*Assignment:* Excluding images, repeat the data exactly as given.

*Source records:*

____

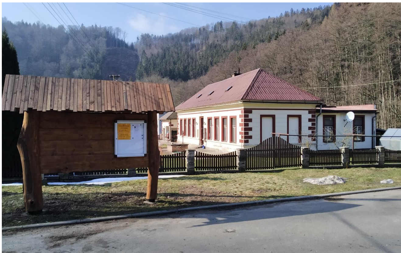
Nová vývěska v Liticích nad Orlicí u knihovny, foto 1. 3. 2021
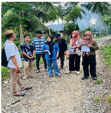
Gambar 1. Survei Lokasi Pengambilan Sampel dan Wawancara

Penelitian ini dilakukan didesa Limbato, Kec. Tilamuta, Kab. Boalemo, Gorontalo. Metode penelitian ini menggunakan pendekatan deskriptif kualitatif yang bertujuan untuk memahami proses pemanfaatan limbah anorganik kering menjadi ecobrick . Data dikumpulkan melalui observasi, wawancara, eksperimen langsung, dan studi literatur. Dalam penelitian ini ada beberapa pendekatan kualitatif yang digunakan yaitu dengan melakukan beberapa cara antar lain (survei Lapangan) untuk mengetahui seberapa banyak limbah padat di Desa Limbato yang tidak diperhatikan oleh masyarakat dan berdampak negatif pada lingkungan. Observasi dilakukan untuk mengidentifikasi jenis limbah anorganik kering yang tersedia serta memahami langkah-langkah pembuatan ecobrick , termasuk proses pemilahan, pemadatan, dan pengemasan limbah ke dalam botol plastik.
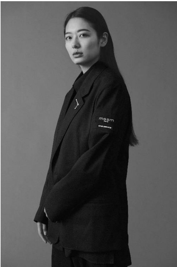
女性クルー着用イメージ(ジャケットあり)
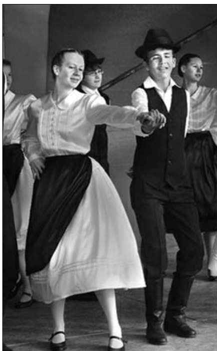
Táncosok a szári majálison

Szár és Újbarok önkormányzatának lapja XII. évfolyam • 5. szám • 2008. május
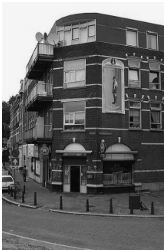
De hoek Bloemfonteinstraat 1949 en nu.

____

*Your solution:*
Nová vývěska v Liticích nad Orlicí u knihovny, foto 1. 3. 2021
Gambar 1. Survei Lokasi Pengambilan Sampel dan Wawancara

Penelitian ini dilakukan didesa Limbato, Kec. Tilamuta, Kab. Boalemo, Gorontalo. Metode penelitian ini menggunakan pendekatan deskriptif kualitatif yang bertujuan untuk memahami proses pemanfaatan limbah anorganik kering menjadi ecobrick . Data dikumpulkan melalui observasi, wawancara, eksperimen langsung, dan studi literatur. Dalam penelitian ini ada beberapa pendekatan kualitatif yang digunakan yaitu dengan melakukan beberapa cara antar lain (survei Lapangan) untuk mengetahui seberapa banyak limbah padat di Desa Limbato yang tidak diperhatikan oleh masyarakat dan berdampak negatif pada lingkungan. Observasi dilakukan untuk mengidentifikasi jenis limbah anorganik kering yang tersedia serta memahami langkah-langkah pembuatan ecobrick , termasuk proses pemilahan, pemadatan, dan pengemasan limbah ke dalam botol plastik.
女性クルー着用イメージ(ジャケットあり)
Táncosok a szári majálison

Szár és Újbarok önkormányzatának lapja XII. évfolyam • 5. szám • 2008. május
De hoek Bloemfonteinstraat 1949 en nu.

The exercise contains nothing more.